HENRICO COUNTY, Va. (WRIC) — Two high schools in Henrico County have been under construction throughout 2020. And the remodels are considered to be the “High Schools of the Future.“
The Henrico County Board of Supervisors approved development plans for the new construction of J.R. Tucker and Highland Springs high schools in June 2019. Construction on the schools began that fall and each new school is expected cost roughly $80 million.
The plan for J.R. Tucker High School called for the demolition of the existing structure and the foundation has been laid for the new two-story, 265,101 square-foot school. The new Highland Springs High School will also be a two-story, 265,101 square-foot building. The board announced the existing school building “will be retained and reused.”
After months of construction, the principals from each school met with 8News to tour the new facilities under construction.
The schools’ redesign to be a “High School of the Future” involved a process of identifying the best learning environments for students as well as modernizing instructional approaches to better fit 21st-century teaching methods.
Kenneth White, Principal at Highland Springs High School for the last three years, said he is excited for the future of his students.
“With a brand new building that is going to transform teaching and learning, it gives our kids the opportunity to really showcase that they are smart students,” White said. “And we also want to make sure they have opportunities to access anything that they can when it comes to the educational services we provide.”
Principal White says the community has backed the project “since day one.” The new school will also provide interdisciplinary courses to give Highland Springs “Springers” a more eclectic array of learning opportunities.
“We are looking at how we can incorporate more community programs that service our community, bring in more financial literacy to our community, being able to look at what we can do to really service the needs of our entire community,” White said. “The building itself is definitely transforming teaching and learning. It has a lot of extended learning opportunities, different places for students to be able to learn without being in a traditional classroom.”
And he said that adding a nice school can only help the community around them in return.
“It’ll have all these opportunities for parents and students to be able to access our building outside the traditional use of a high school,” White said.

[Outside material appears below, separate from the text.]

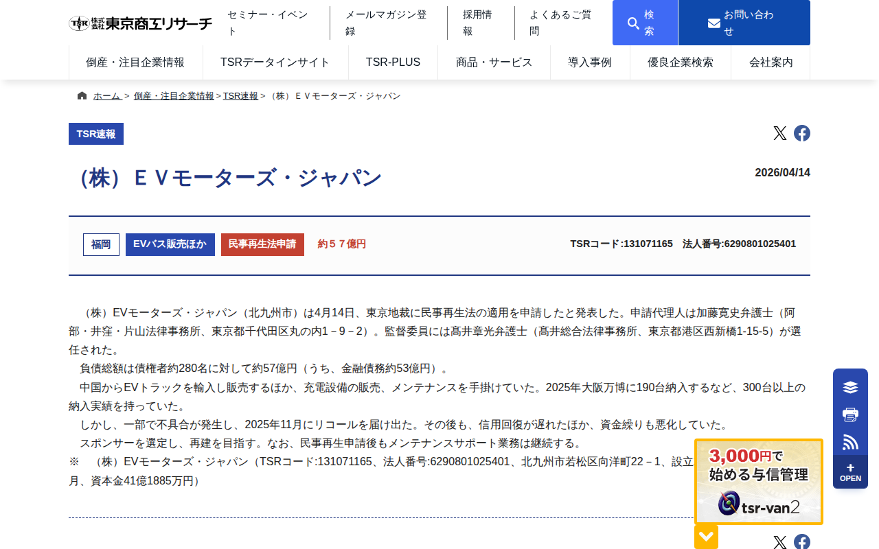(株)EVモーターズ・ジャパン | TSR速報 | 倒産・注目企業情報 | 東京商工リサーチ

From extra space and rooms to promote active learning, to areas to work collaboratively with other students, White says the possibilities for students are both exciting and top notch.

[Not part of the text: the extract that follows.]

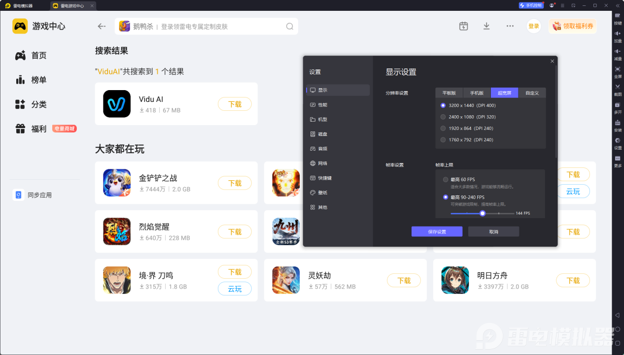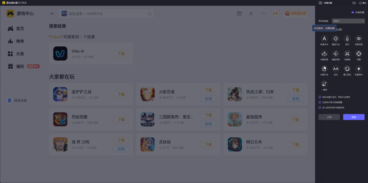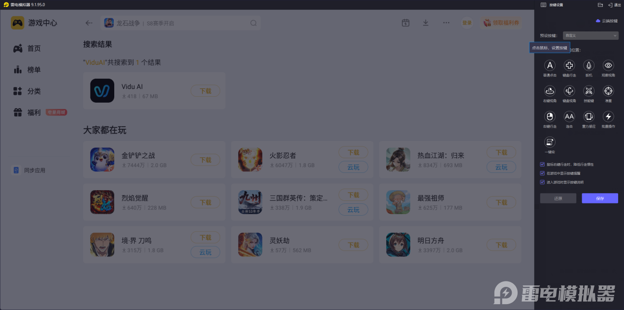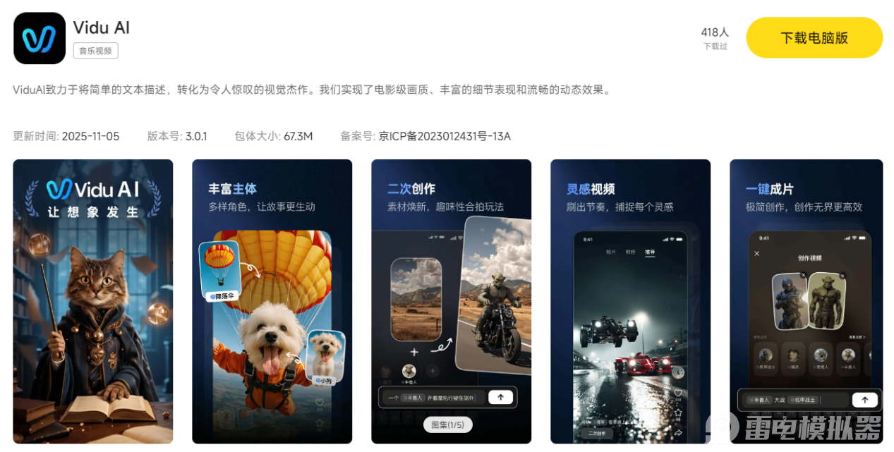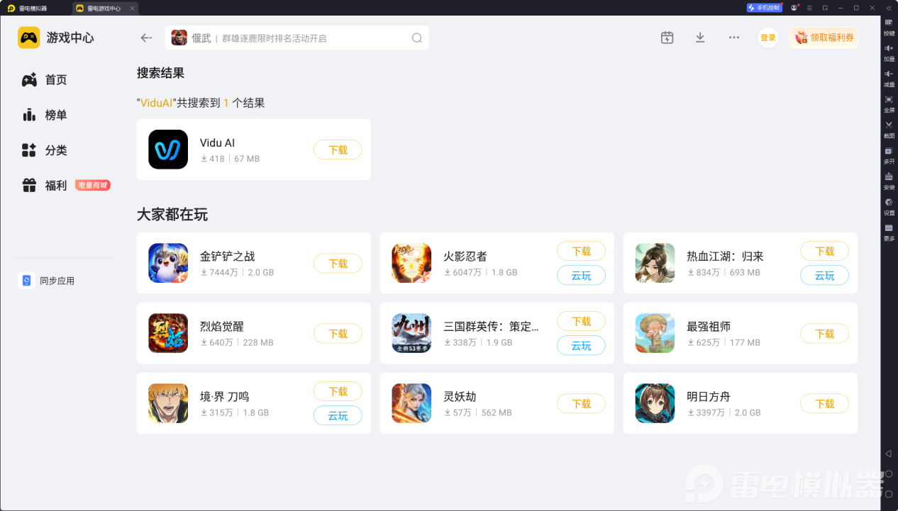 安装并打开模拟器:按照提示完成安装后启动模拟器,在雷电游戏中心搜索ViduAI。下载使用:找到对应的应用后点击下载,安装完成后,即可在电脑上通过ViduAI电脑版开展AI视频创作。

And they’re both schools are getting new turf football fields to go along with the buildings.
“It helps us house the baddest band this side of the Mississippi, the Marching Battalion.”Principal Kenneth White
At J.R. Tucker, Principal Art Raymond wants to continue mixing Tucker Tiger’s core values into the new building once it is completed.
“As opposed to just it being a brand new building, there’s a lot of the old Tucker and the expectations about who we are and what we’re gonna be and there is excitement in that,” Raymond said.

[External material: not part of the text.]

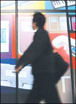 رجل أعمال يسير بجوار لوحة إلكترونية للإعلانات خارج معرض لاس فيجاس للإلكترونيات..

He has been principal of the school for the last four years after beginning as a teacher at Tucker in 1991, and says the building should truly be looked at as a learning tool as well as a new hope for the futures of students in the area.
“Looking at the building itself as an extension of the learning,” Raymond said. “The building is a learning tool in a way that it usually is not.”
But he and other alumni are emotional at the prospect of demolition of the school that has been on Parham Road since 1962.
“They’re going to be given the opportunity to create some new traditions. I think that is something that usually doesn’t happen in a student’s life.”Principal Art Raymond
Construction for these schools is on schedule to be completed and have students in classrooms by fall 2021.